:: BRIEF ::
Leaving all pictures aside, copy exactly the lines from the start of the listing below through the line that contains "Trays are secured", and only those lines.

:: GIVEN DATA ::
*** Block opens ***
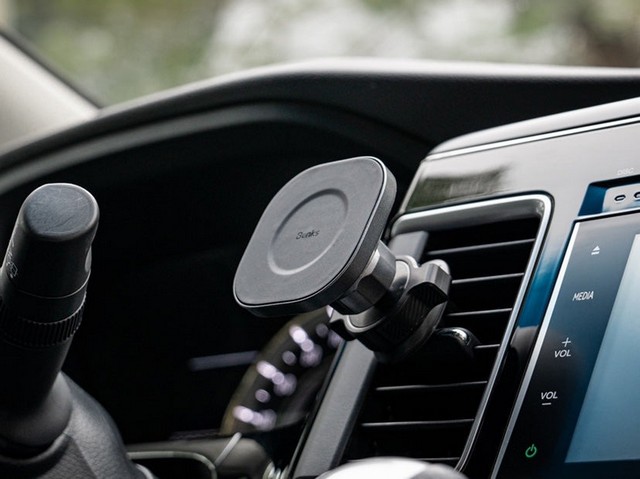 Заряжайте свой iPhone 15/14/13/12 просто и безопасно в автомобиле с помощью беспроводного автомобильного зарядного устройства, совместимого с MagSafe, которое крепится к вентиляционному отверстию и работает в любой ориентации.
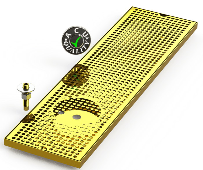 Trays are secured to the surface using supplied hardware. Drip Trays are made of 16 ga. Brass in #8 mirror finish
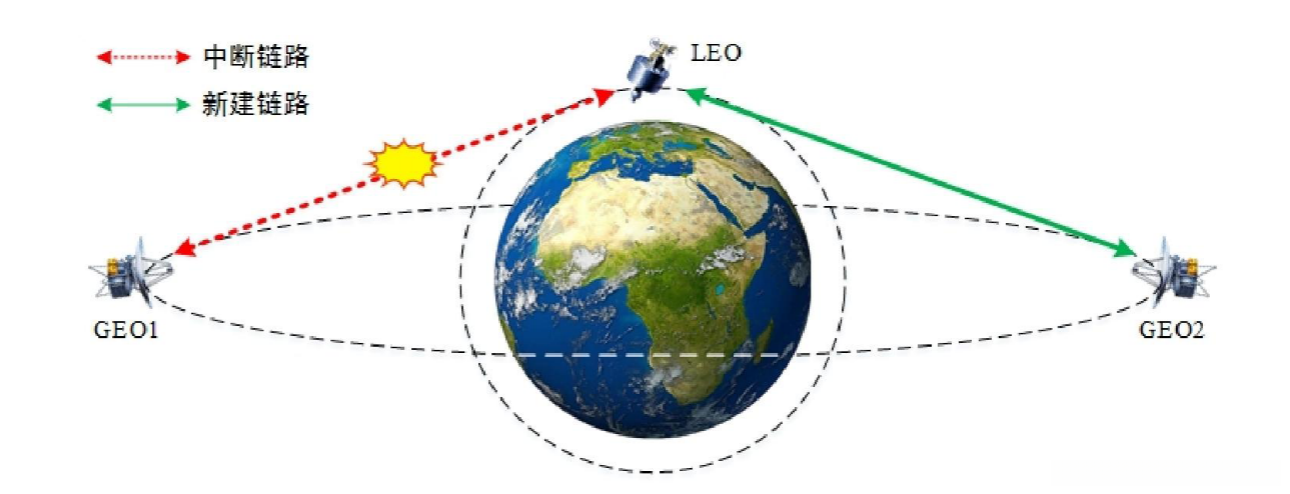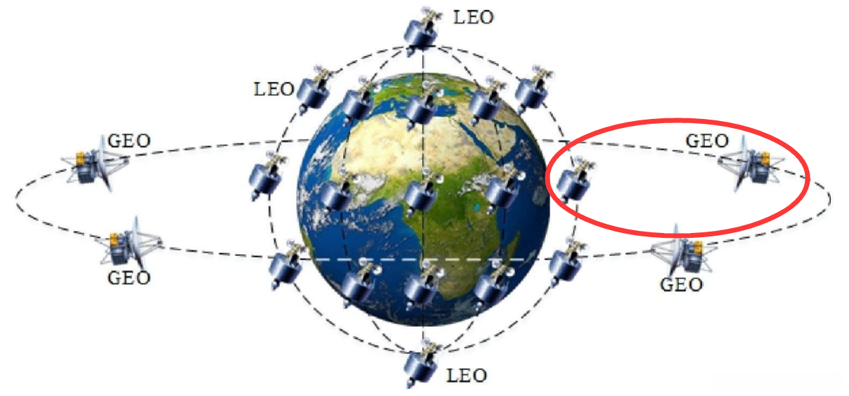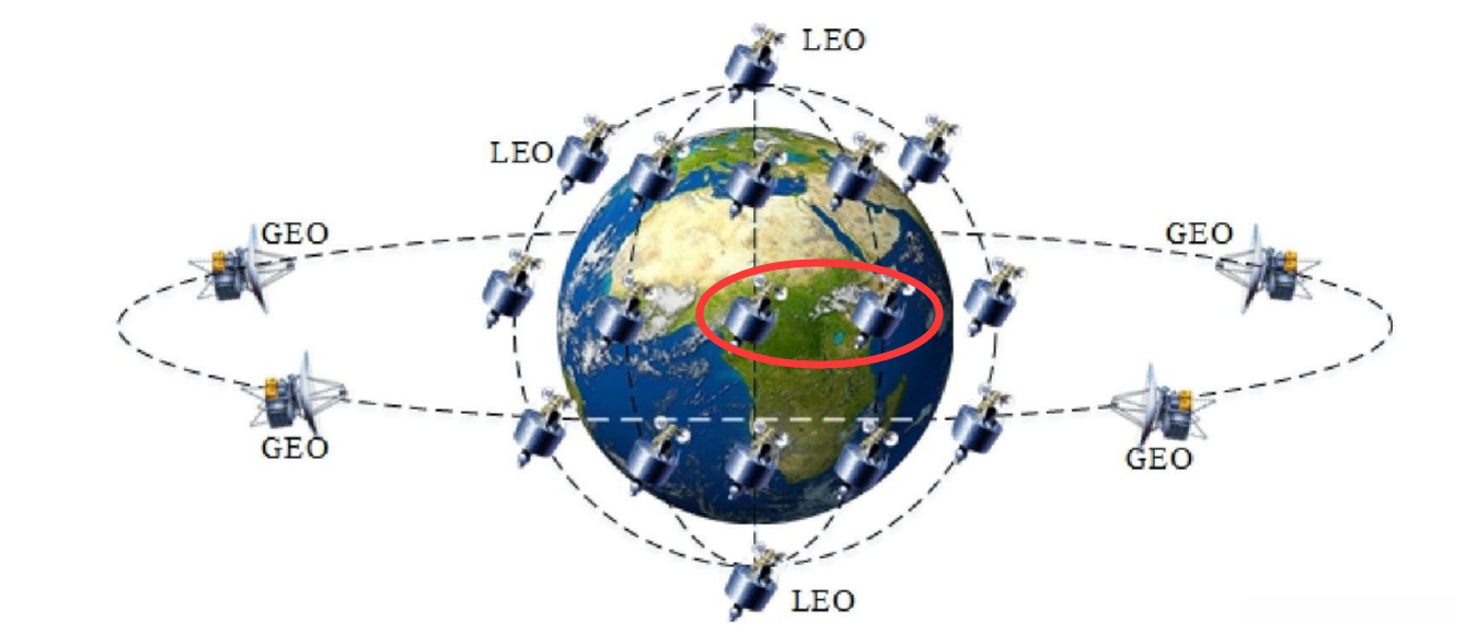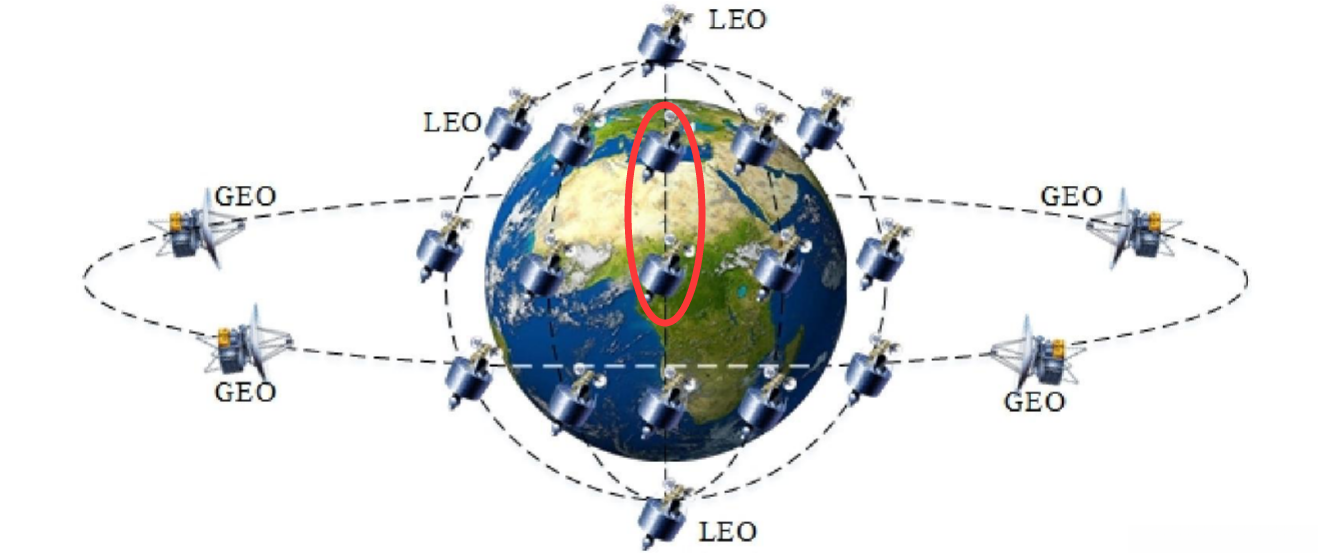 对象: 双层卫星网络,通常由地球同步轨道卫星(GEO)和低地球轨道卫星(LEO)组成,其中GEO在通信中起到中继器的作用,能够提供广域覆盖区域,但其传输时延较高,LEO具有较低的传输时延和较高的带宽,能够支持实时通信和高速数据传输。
*** Block closes ***
:: ANSWER BOX ::
 Заряжайте свой iPhone 15/14/13/12 просто и безопасно в автомобиле с помощью беспроводного автомобильного зарядного устройства, совместимого с MagSafe, которое крепится к вентиляционному отверстию и работает в любой ориентации.
 Trays are secured to the surface using supplied hardware. Drip Trays are made of 16 ga. Brass in #8 mirror finish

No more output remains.